This little file has big possibilities

After you install Windows 2000, a small, hidden, read-only text file—boot.ini—exists in the boot partition's root directory. This file is an important component in the machinery that controls the OS startup processes. The installation process creates the file's contents, so boot.ini is specific to the computer. Understanding boot.ini's format, its likely content, the conventions that its content follows, and your options for manipulating the file gives you two important elements of control over a system. First, you can change the file's contents to modify the startup process. Second, you can create a boot.ini file to repair a computer that won't boot.

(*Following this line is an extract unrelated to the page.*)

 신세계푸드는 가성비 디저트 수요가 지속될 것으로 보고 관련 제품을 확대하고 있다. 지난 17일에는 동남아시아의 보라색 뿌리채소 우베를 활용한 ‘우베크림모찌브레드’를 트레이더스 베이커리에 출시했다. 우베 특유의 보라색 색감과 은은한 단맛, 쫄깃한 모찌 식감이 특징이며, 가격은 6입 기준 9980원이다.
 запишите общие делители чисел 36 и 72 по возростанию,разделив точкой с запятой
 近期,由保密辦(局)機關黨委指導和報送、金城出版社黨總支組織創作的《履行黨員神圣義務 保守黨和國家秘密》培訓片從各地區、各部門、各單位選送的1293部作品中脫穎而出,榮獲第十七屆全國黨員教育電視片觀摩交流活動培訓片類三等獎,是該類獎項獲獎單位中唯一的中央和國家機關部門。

You can edit boot.ini in any text editor. Before you do so, I suggest you copy the original file to a 3.5" disk in case your changes wreak havoc. Boot.ini is read-only, so you must change that attribute before you can save your edits. (Of course, don't forget to restore the read-only attribute when you've finished editing.)

Content: Boot.ini's Sections


All .ini files follow the same format rules. The contents are arranged in sections, and each section has a title enclosed in square brackets. As Figure 1, page 110, shows, boot.ini has two sections: \[boot loader\] and \[operating systems\].

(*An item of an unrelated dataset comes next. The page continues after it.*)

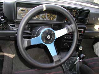 純正のステアリングです。フェラーリの348の純正で付いてるのと同じに見えるけどどうなのかな? 握りの感じはいいんですが、ちょっと径が大きいので交換しました。
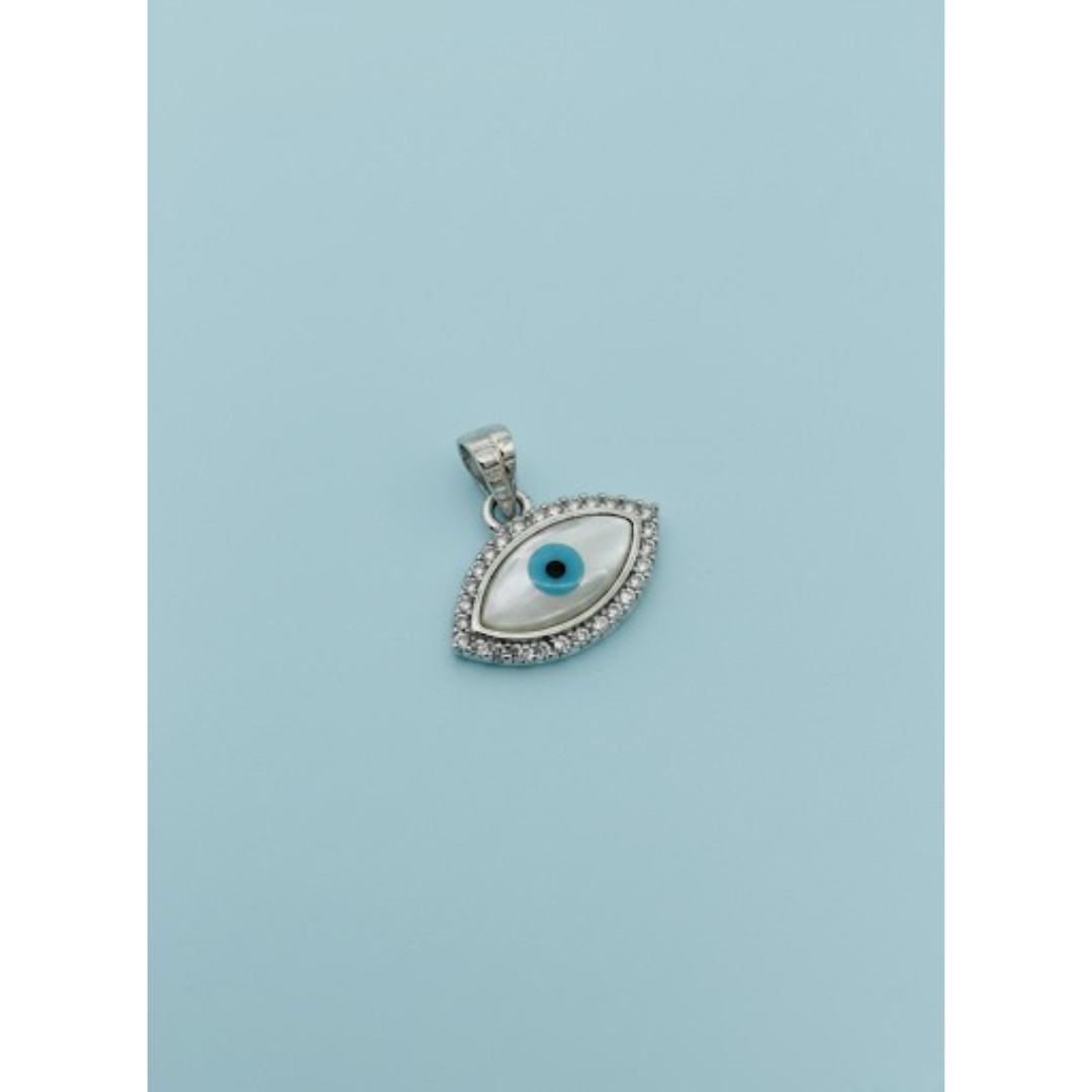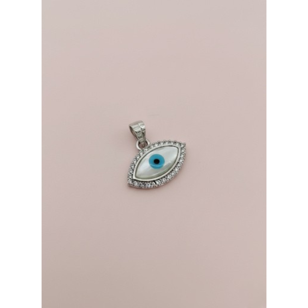Sterling Silver 925 evil eye pendant surrounded by 5A quality Signity stones. A stylish charm believed to protect and bring good luck.

The \[boot loader\] section contains a timeout specification and a pointer to the default OS's location. The timeout specification is the amount of time, in seconds, during which users can make a selection from the onscreen menu that appears when users have a choice of startup options. By default, the timeout duration is 30 seconds, and the default OS loads if users fail to make a choice within that time.

Typically, a choice of startup options occurs when more than one OS exists on the system (e.g., you updated a previous OS to Win2K and kept the previous OS, you installed two versions of Windows).

A choice also exists when you've installed the Recovery Console (RC), which automatically adds the Microsoft Windows 2000 Recovery Console option to the onscreen menu. (The RC is an advanced feature that you can use to repair a broken installation. For information about this feature, see Sean Daily, "Mastering the Recovery Console," July 2000.)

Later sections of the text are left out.